As Luis Xavier López-Farjeat demonstrates in “Avicenna on information processing and abstraction”, Ibn Sīnā (or “Avicenna” to his Latin-speaking friends) was particularly concerned with the acquisition of mental content (ma’nā in Arabic), or the cognitive access of information. In agreement with Aristotle in the latter’s work On the Soul, to which they had access courtesy of the translation-into-Arabic enterprise, Ibn Sīnā holds that the human mind can process information from the external world by apprehending forms.

The question is: How? When I spot a wren, can I myself obtain its form for cognitive grasping? Or do I need external assistance to achieve such cognitive information?

A key notion for Ibn Sīnā here, as López-Farjeat shows, is that forms might be extracted from perceptible objects by abstraction. Precisely this insight links Ibn Sīnā’s theory of perception directly to contemporary discussions of perceptual epistemology, about intentional states and the exact informational contents we can gain from the senses, and which require further (cognitive or extra-cognitive) processing.

Compared to Ibn Sīnā, Tommaso d’Aquino (or “Thomas Aquinas”), writing in the thirteenth century, estimates the human capacity to process worldly information rather optimistically.
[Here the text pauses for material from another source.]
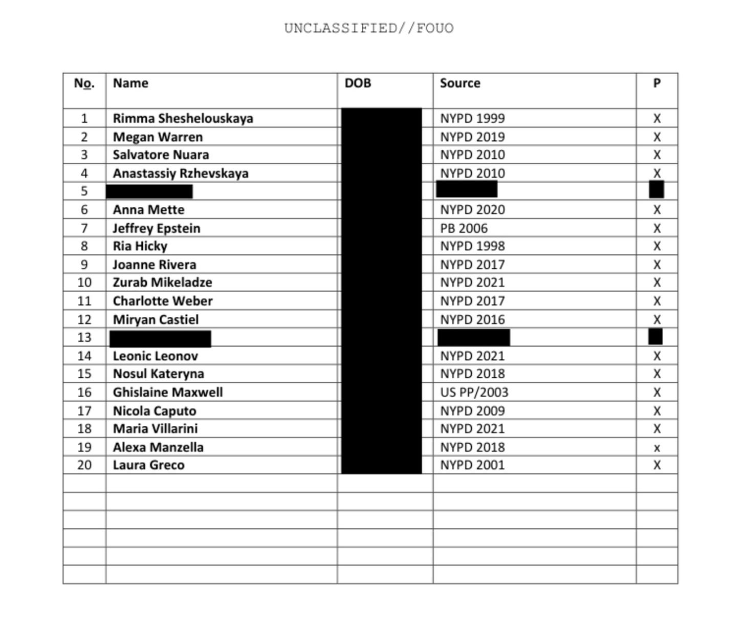 The DOJ is now unredacting documents that Congressman Thomas Massie called them out on after reviewing the unredacted version. This document below is a list of individuals, all of which was previously redacted: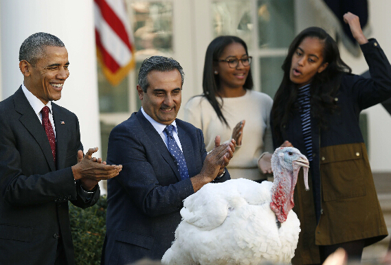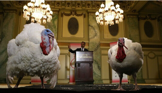 今年的“年度感恩节火鸡特赦大典”上,奥巴马再次改变了两只火鸡的命运:一只叫“忠诚”(Honest),一只叫“安倍”(Abe)。而“安倍”获得了“总统特赦火鸡”的殊荣。

As Cecilia Trifogli shows in “Thomas Aquinas on cognition as information”, this philosopher too had been inspired by Aristotle’s work on information extraction and processing in cognition, understood as the taking in or receiving of the form of a thing. Cognising, on this line, is taking on a form in addition to one’s own.

Yet what is it to take on such additional forms? What makes it that the form of the wren I grasp through perception is in fact of that little bird on the branch?
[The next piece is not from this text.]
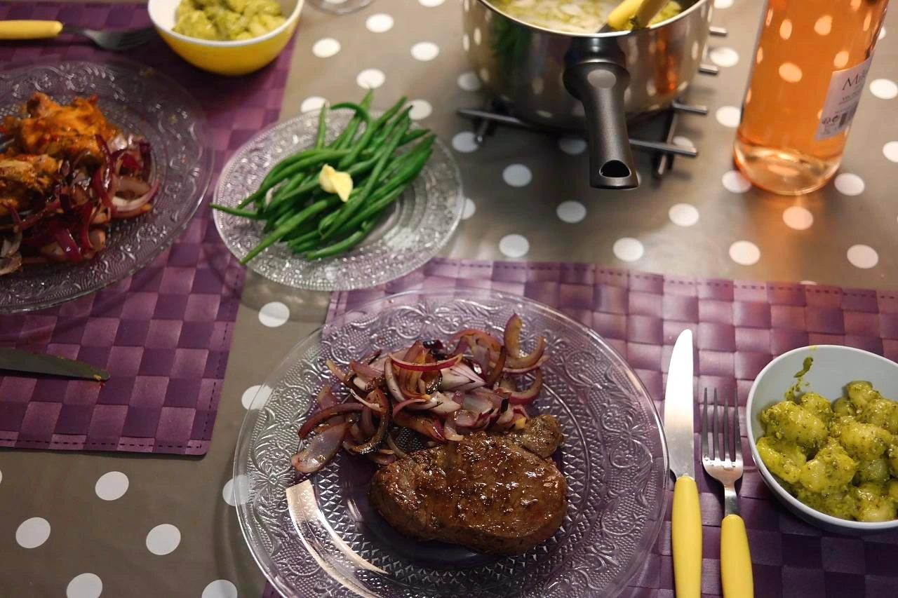 나름 제이미 올리브의 유튜브 동영상 등을 보고 스테이크 굽기 스킬을 몇 번이고 연습한 만큼 스테이크 굽기에 자신이 있었는데, 첫날은 부엌의 불 세기에 익숙하지 않아 너무 익혀버렸다. 나는 미디움레어를 좋아하는데 아차차하는 사이에 웰던까지 가 버린 것이다. 그래도 요리까지 하느라 배가 너무 고파 맛있게 먹었다.

Key for d’Aquino here, as Trifogli flags, is the notion of intentional information, or the idea that the form one might grasp is “like”, or “agrees in nature” with the object in the world that it is of. Hence d’Aquino does not take it to be basic or inexplicable that the information gained through perception is about a particular mind-independent object, but points to conditions that must obtain. (What Vācaspati might call out as “compositionalism”.)

Control

Moving beyond 1500, various tendencies that had already been bubbling below the surface began to gain shape more clearly. For instance, where information-storing manuscripts had enjoyed healthy circulation and copying in previous eras, the development of methods of mechanical reproduction—initially with woodblock printing (developed in Han Dynasty China before 220 CE, with uptake in subsequent centuries in India, North Africa, the Middle East, and adopted in Europe only from around 1300), next with the more flexible process of printing with movable type, developed around 1040 by Bì Shēng (990–1051) (echoed by Johannes Gutenberg’s work some centuries later)—facilitated growing mass production of information-holding documents.
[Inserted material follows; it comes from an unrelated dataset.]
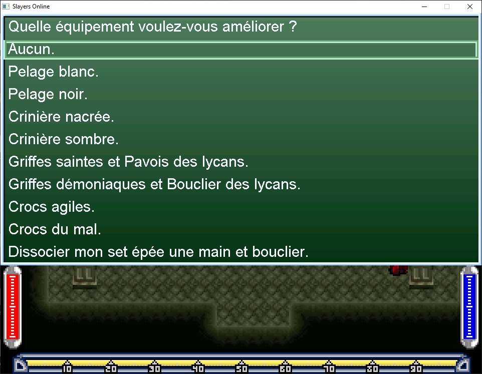 Au centre, la stèle magique vous permet d’enchanter votre équipement Lycan 2 en utilisant la Gemme de la liche.

Moreover, further tools for processing and organising information had taken shape, such as in encyclopedias, bibliographies and indexes to list summarised information. Tenth-century bibliographer Abū al-Faraj Muḥammad ibn Isḥāq al-Nadīm offered a compendium of all current knowledge in their Kitāb al-Fihrist (Book Catalogue); the Yǒnglè Encyclopedia (1403–1408) commissioned by the Yǒnglè Emperor (Zhu Di) in Ming Dynasty China gathered all available book knowledge into over 20,000 manuscript rolls; and in Conrad Gessner took the inventive step to add a thematic subject index to their “universal” list of all books, Bibliotheca universalis (1545–1549). In 1751 Denis Diderot and Jean-Baptiste le Rond d’Alembert began to publish their Encyclopedia, “to collect knowledge disseminated around the globe”.

Analogue computers were another appealing tool for information processing. Emerging as early as the first century BCE in the Aegean in the hand-powered Antikythera mechanism (used to predict astronomical positions), computing devices began to proliferate in the seventeenth century. We have, for example, John Napier of Merchiston’s calculator (called “Napier’s bones”, published 1617) and Blaise Pascal’s arithmetic machine, designed 1642.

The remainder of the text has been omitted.